Well, following Donald Trump’s election to a second term in the White House, “commercial parents” and car manufacturers General Motors, Ford, and Stellantis submitted ILC charter applications. Securing these charters would shore up the ranks of carmakers possessing ILC charters, as Toyota and BMW already have them, and would give GM another shot at ILC operation.
While a spokesperson for the OCC told Fintech Nexus that the Board “has not yet acted upon the next step in this rulemaking process,” Michele Alt, Partner at advisory and investment firm Klaros Group and a veteran of the OCC’s Law Department, predicts a litigious double bind if Congress fails to clarify the legal status or process for ILCs. Especially after the Supreme Court threw out the “Chevron decision,” which told courts to follow federal agencies’ interpretations of ambiguous laws, incumbent industry groups (such as the Bank Policy Institute and American Bankers Association) could sue the FDIC if ILC approvals see an uptick on one side, and from rejected ILC applicants on the other side for a lack of regulatory and rulemaking clarity. “Unless there is legislation that will actually eliminate the ILC charter, we’re seeing this super interesting lining up of incumbents against insurgents,” Alt said, anticipating an “opening of the floodgates” for other entities, namely fintechs, if this first wave of ILC applicants are approved.
But would those other entities really be fintechs of all stripes — obviating or minimizing the value of BaaS tie-ups? Probably not by biblical proportions. Baker says it’s unlikely that fintechs will surge through such a loophole to secure charters of their own, in part for purely quantitative reasons. If banking activities become a large enough slice of a fintech’s corporate pie, then a fintech’s valuation will be quantified the way a bank’s is — a far smaller figure that would minimize a founder’s equity and throw a wrench in investors’ “rocketship-emoji” returns. This is a valuation concern that Barnes of M1 and B2 said his board has discussed. At the very least, coupled with the FDIC’s requirements for holding companies (assuming these stipulations stick around and aren’t fed into the woodchipper too), that prevents early- and mid-stage fintechs from eyeing ILCs as the way to free themselves from the Green Dots and Coastal Community Banks of the world.
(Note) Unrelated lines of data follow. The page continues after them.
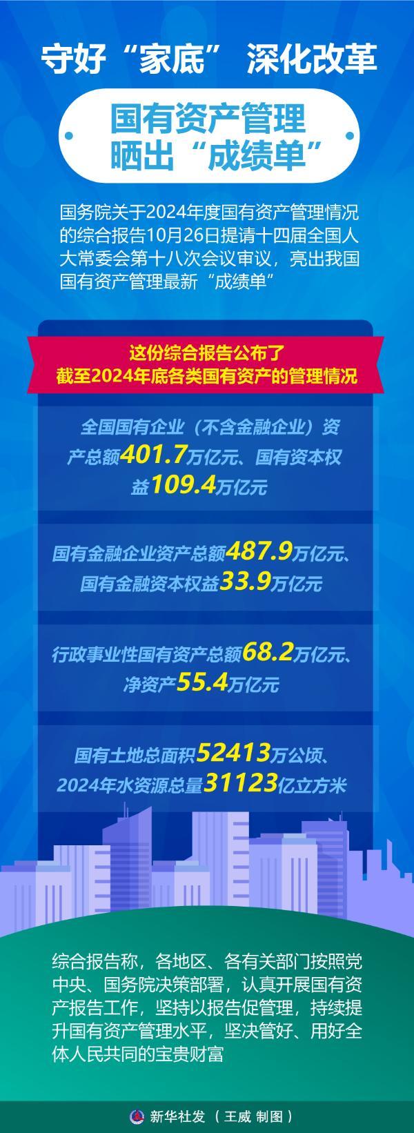 新华社北京10月26日电 题:守好“家底” 深化改革——国有资产管理晒出“成绩单” 新华社记者申铖 国务院关于2024年度国有资产管理情况的综合报告26日提请十四届全国人大常委会第十八次会议审议,亮出我国国有资产管理最新“成绩单”。 这份综合报告公布了截至2024年底各类国有资产的管理情况: ——全国国有企业(不含金融企业)资产总额401.7万亿元、国有资本权益109.4万亿元; ——国有金融企业资产总额487.9万亿元、国有金融资本权益33.9万亿元; ——行政事业性国有资产总额68.2万亿元、净资产55.4万亿元; ——国有土地总面积52413万公顷、2024年水资源总量31123亿立方米。 综合报告称,各地区、各有关部门按照党中央、国务院决策部署,认真开展国有资产报告工作,坚持以报告促管理,持续提升国有资产管理水平,坚决管好、用好全体人民共同的宝贵财富。 国务院关于2024年度企业国有资产(不含金融企业)管理情况的专项报告当日也提请十四届全国人大常委会第十八次会议审议。这份专项报告透露,5年来,全国国有企业资产总额、负债总额、国有资本权益总额年均分别增长11.4%、11.7%、11.0%,资产负债率保持在65%以内。 除了公布国有资产“家底”情况,报告也呈现了资产管理和改革的新动向。 健全国资国企管理监督体制机制,完善中国特色现代企业制度;强化国有金融资本产权管理,支持提升金融服务实体经济质效;持续夯实行政事业性国有资产管理制度基础,深化资产预算管理协同;夯实自然资源资产保护利用的空间基础,守牢自然资源资产安全底线……综合报告里的一项项进展,体现了国有资产管理取得积极成效。 综合报告透露,下一步,将进一步深化国资国企改革,高质量完成国有企业改革深化提升行动,健全国资监管法规制度,优化国有经济布局结构,以新型举国体制推进科技创新,严防重点领域风险。 此外,下一步,还将完善国有金融资本管理体制,提升行政事业性国有资产管理水平,健全自然资源资产管理制度体系,全面提升国有资产报告质效。 国有资产是全体人民的共同财富,必须管好用好。综合报告称,坚持以国有资产报告工作为抓手,全面摸清国有资产家底、盘活存量资源资产、提升管理效能,推动国有资产治理开创新局面、迈上新台阶。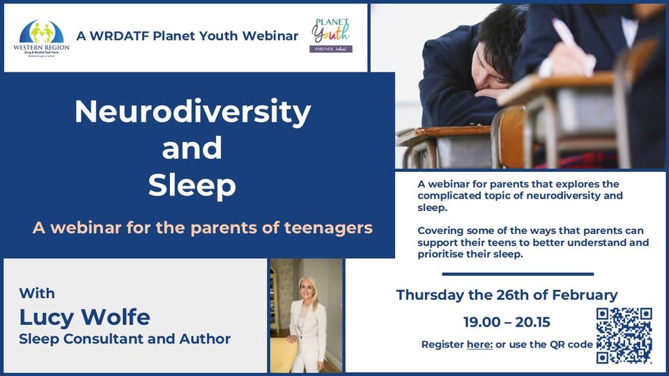 Thursday 26th February at 7pm - Online Lucy Wolfe, Sleep Consultant and Author will explore the complicated topic of neurodiversity and sleep. This webinar will cover some of the ways that parents can support their teens to better understand and prioritise their sleep. Parents can register at: https://www.wrdatf.ie/parent-hub/events.php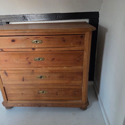 Virkelig fin kommode, men trænger til en kærlig hånd. Skufferne kører ikke godt og et håndtag røget af øverst og de andre skal der også kigges på, især det den nederste. Lidt pletter foroven. Vejer godt til.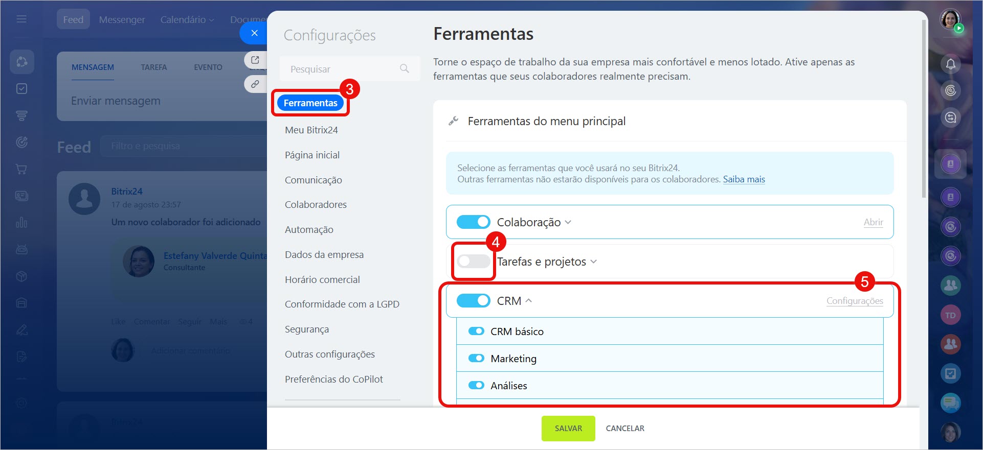 Como ativar ou desativar ferramentas do Bitrix24 para toda a empresa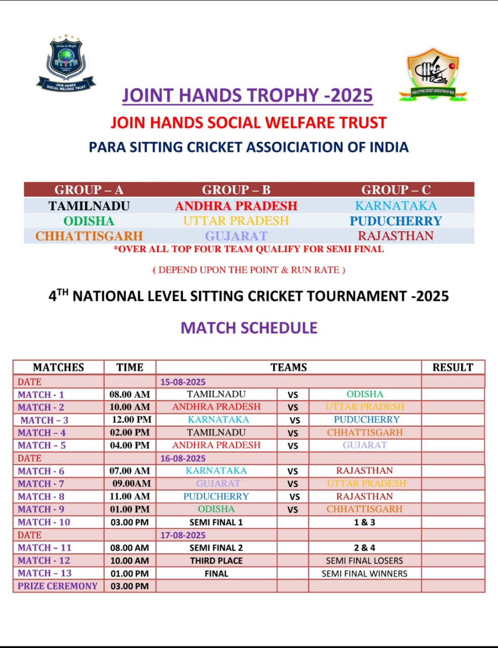 4 th NATIONAL LEVEL SITTING CRICKET CHAMPIONSHIP -2025. MATCH SCHEDULE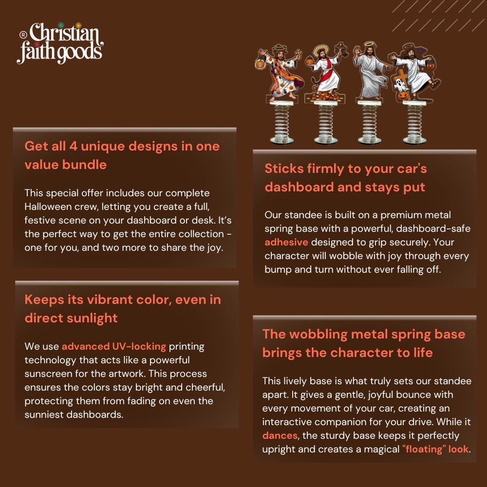 At Christian Faith Goods, we believe in sharing faith with both reverence and joy. These standees are more than just decor – theyโre conversation starters, laughter-lifters, and gentle reminders of the hope we have in Jesus (even when surrounded by jack-oโ-lanterns and candy corn).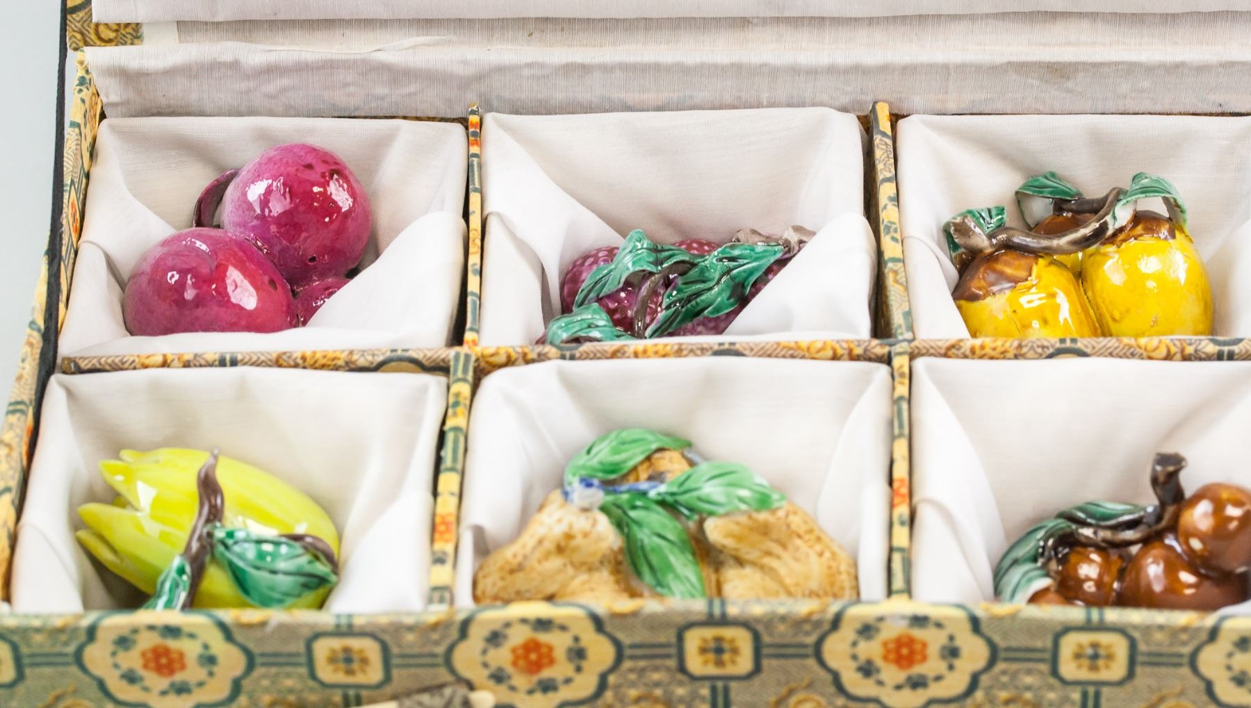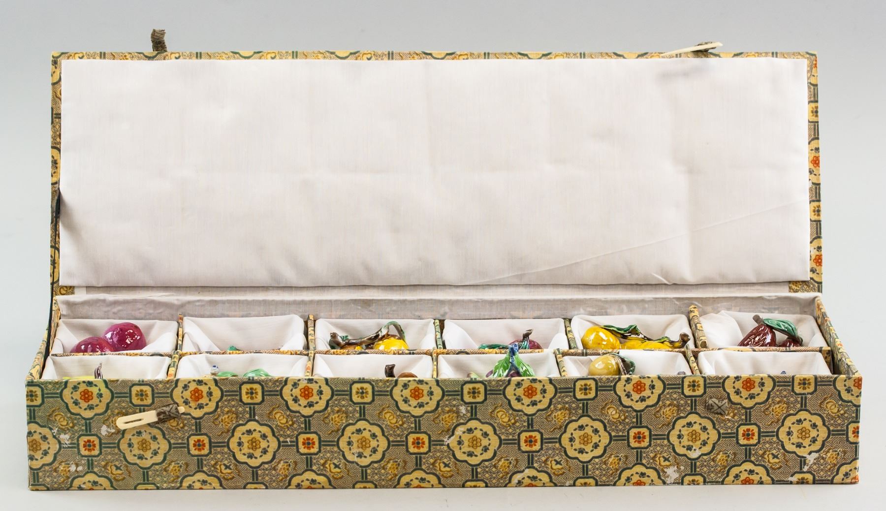 12pc Chinese set of model fruit. Republic era. 3 x 7 cm, 1641 grams (with box), 65 grams (each)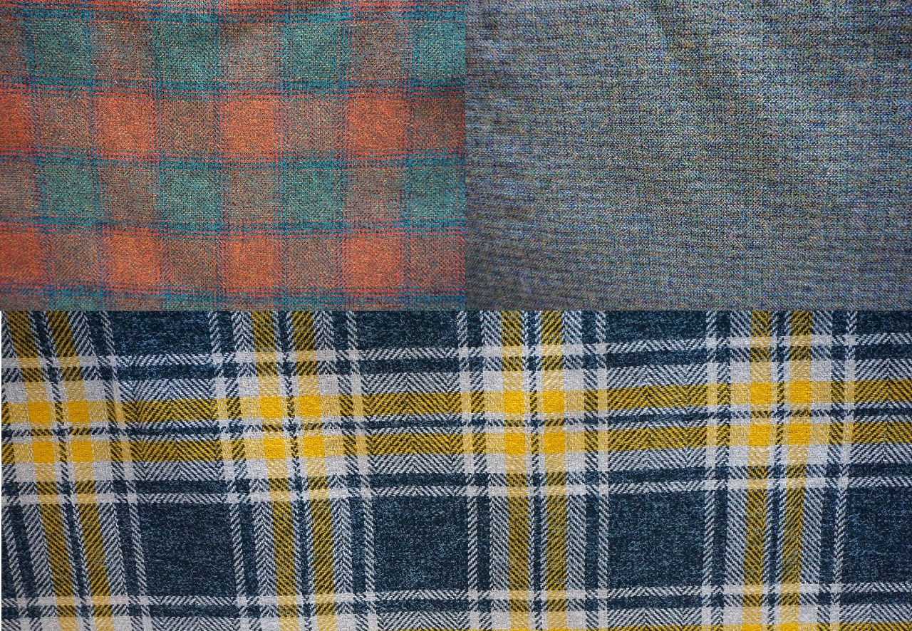 程良く厚みもあり、ウールやツイードよりも気軽に使うことができる素材感でチクチクとしにくく、コットンならではの優しい肌触りを感じながら秋のおしゃれを楽しめる人気生地です。秋らしいチェック柄や色々な色が混ざった無地系共に合わせやすいものばかりです♪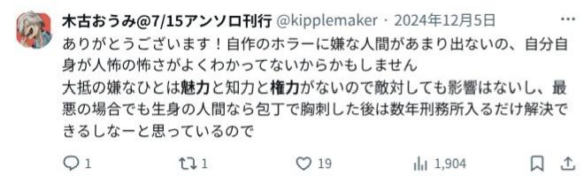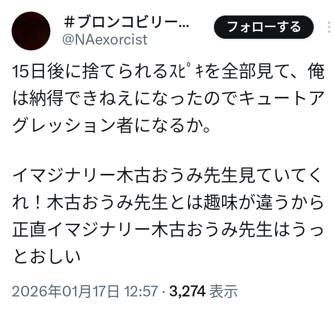 | … | 18無念Nameとしあき26/02/14(土)23:21:40No.1387437166そうだねx3>>木古おうみを破滅させるのに暴力を振るう必要はない |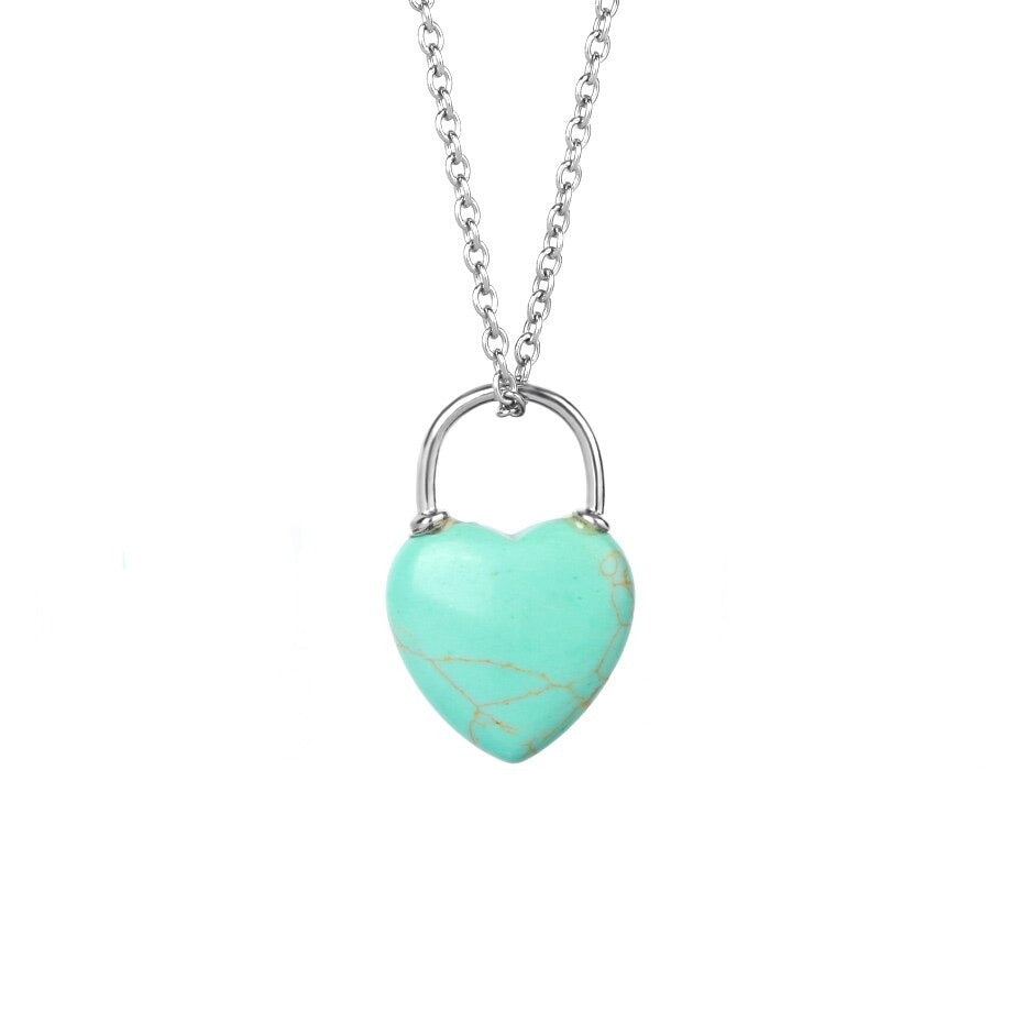 Este colar em forma de coração com pedra turquesa é uma excelente ideia de presente.

There are also costs involved. Barnes said the de novo process was “10 to 20 times more expensive than purchasing an existing bank, and so it didn’t feel like it was the right economic calculus.” Securing a de novo charter was also a longer process, and could lead to a rejection, while the acquisition of B2 as an individual was a more surefire approach to arrive at a similar goal. Though, Barnes admits, the bank purchase “probably wouldn’t have happened” if it hadn’t happened “towards the end of the first Trump administration.
The ongoing state of the BaaS landscape has compelled some fintech CEOs to contemplate buying banks like Barnes has.
“But I don’t know if they know what they’re signing up for,” Barnes said. “Man, it’s pushed me to the limits. Knowing some of the other people that don’t have the temperament, I think they would not enjoy themselves.”